1990年代の法廷でカナオが観察し描くのは、折々の事件の始末をつける場での、以下のような情景。

・幼稚園児だっけ?である子供の同級生を殺害した女性と、証人?であるところの被害者の母親。加害者が事前に感じていたであろうある種のプレッシャーと、どう書いたものか難しいが、被害者女性と加害者の母親は、事前も事後も「わかりあう」ことは絶対ないだろうなあと感じさせる断絶を短い描写で鮮やかに描いてたなあ、このシーン。

オウム事件をモチーフにした事件、慟哭する被告と、キモいっス!以外 俺には言い表せられん、傍聴人席に居並ぶ信者の振る舞い。「宗教心」とそれを総括することの巨大な段差を手短にかつ必要十分に表現してた。

・無差別に小学生を殺した被告が、被害者の母親を罵倒する。泣き崩れる両親と、壊れた表情の被告には、もう一切なんの感情的接点もなかろう。刑務官はいつエメラルド・プロージョンを炸裂させてあの男を黙らせますか?早く早く!と思ってしまった。これまた端的に(以下略)

宮崎勤をモチーフにした被告と、弁護士含めたその他全員の絶望的な距離。なぜ距離があるのか、なぜ理解がないのか、この事件に関してだけは理由は明確で、なぜならこの人どう見ても病気だからだ。ちょっと話は変わるけど我々はこの病人を急いで「抹殺」したわけなんだが、この奇怪な法廷風景(どれくらい再現度が高いのかはわからんが)を見るともうちょっと慎重であってよかったんじゃないのかと思わずにいられなかった。まあそれはともかく、抹殺しようがしまいがここにも救いは一切ないですね・・・・

こういう救いようがない出来事、眩暈がするような断絶、日本で一番彼岸に近い眺めを日常的に目の当たりにするカナオの仕事生活の一方、私生活は楽しく始まり、ひそかに危機が近寄り、そして5年ほどの年月を経て破綻と救済があり、また始まっていく。
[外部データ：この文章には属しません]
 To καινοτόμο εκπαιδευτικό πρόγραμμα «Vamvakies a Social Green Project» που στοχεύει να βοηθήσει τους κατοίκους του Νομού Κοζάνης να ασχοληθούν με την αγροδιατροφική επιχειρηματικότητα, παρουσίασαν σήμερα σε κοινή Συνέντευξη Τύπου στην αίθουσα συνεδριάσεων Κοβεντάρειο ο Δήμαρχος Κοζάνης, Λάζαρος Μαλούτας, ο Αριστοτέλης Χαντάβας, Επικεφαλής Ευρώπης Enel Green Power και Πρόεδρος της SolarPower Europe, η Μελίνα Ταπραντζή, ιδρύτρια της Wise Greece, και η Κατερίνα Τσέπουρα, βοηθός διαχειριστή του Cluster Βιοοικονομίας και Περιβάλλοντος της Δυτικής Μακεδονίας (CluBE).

私生活の危機の、ピーク時のメーター振り切りっぷりはなかなかで、こりゃ完全にガイキチだ正直付き合ってられんと俺は思わず呟いた。しかし公私両面で「やってられん」目にあってるカナオは、タフなんだよね。タフというか鈍いというか、なんか全然メゲないのだ。

彼はきっと、こんなもんだよ、と思ってる。調子悪くて当たり前だよ、と思ってる。なるようにしかなんねえ、と思ってる。他人のことなんて、最終的にはわからないと思っている。メゲないというか、最初からメゲてるからそれ以上メゲようがないんだな、奴は。
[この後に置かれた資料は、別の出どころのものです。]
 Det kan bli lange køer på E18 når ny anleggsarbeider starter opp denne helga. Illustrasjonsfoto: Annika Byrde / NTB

そのカナオの・・・まあ絶望感みたいなのが、この物語においては、悪いほうに働かない。時を経るにつれ鍛えられ、敲かれ、そして自分を生かし他人も生かす、丸みみたいな何かを帯びていく。

法廷画家っていう設定は、たぶん折々の事件に関連し劇中の時間感覚を表す目盛りとして機能してるし、カナオのタフさを際立たせるツールでもあるし、カナオを磨く砥石でもあるわけだ。

修羅に生きた翔子の父親の現在を、カナオは最後にまあるく描く。そしてそのまあるい肖像に、義兄も義母もそして見ている俺もなんだかストンと腑に落ちてしまうのだ。

やっぱりヒトはちょっと鈍感なくらいがいいんだ(断言)。そのほうが世のため人のため自分のためだ。たかがサカーチームが一度や二度負けたくらいでキーキー言うもんじゃないよネ。